Débora explica que o local está preparado para atender 3 milhões de estudantes e o primeiro de 15 centros está em funcionamento mesmo em meio à pandemia do novo coronavírus, de maneira híbrida. Em entrevista ao Correio, a professora fala sobre o sucesso da iniciativa, o enfrentamento da crise sanitária e as perspectivas da educação para 2021. “Sem dúvida, este momento é ideal para os governos replanejarem ações, investirem em uma educação conectada e em formação que vai gerar novas maneiras de conceber o ensino e a aprendizagem, trazendo qualidade e equidade.”

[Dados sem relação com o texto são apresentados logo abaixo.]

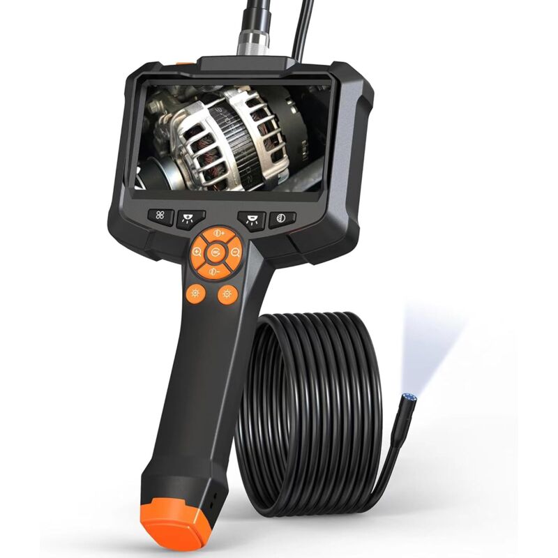 Caméra Endoscope Industriel Double Objectif,Endoscope Industriel à Ecran ips 5' Pouces, Caméra Endoscopique avec 6 led Réglables, Caméra Etanche IP67

O “Robótica com sucata” virou política pública. O que isso significa?
Significa muito à educação pública brasileira. Primeiro, é a valorização de um trabalho que teve inicio no chão da escola pública e em uma comunidade vulnerável, e que se mostrou replicável, saindo de uma modalidade de um projeto para ser tornar uma metodologia de ensino com dados comprovados. Mostrou novas maneiras de lidar com a aprendizagem e democratizando o ensino de cultura maker, de programação e de robótica, permitindo que o estudante participe de um problema real e mobilizando diversos conhecimentos para solucioná-lo. Outro aspecto é ter a oportunidade de replicar esse trabalho a 2,5 milhões de estudantes, como uma política pública efetiva, permitindo um ensino significativo e conectado aos novos tempos.
Como o projeto ajuda no desenvolvimento dos estudantes?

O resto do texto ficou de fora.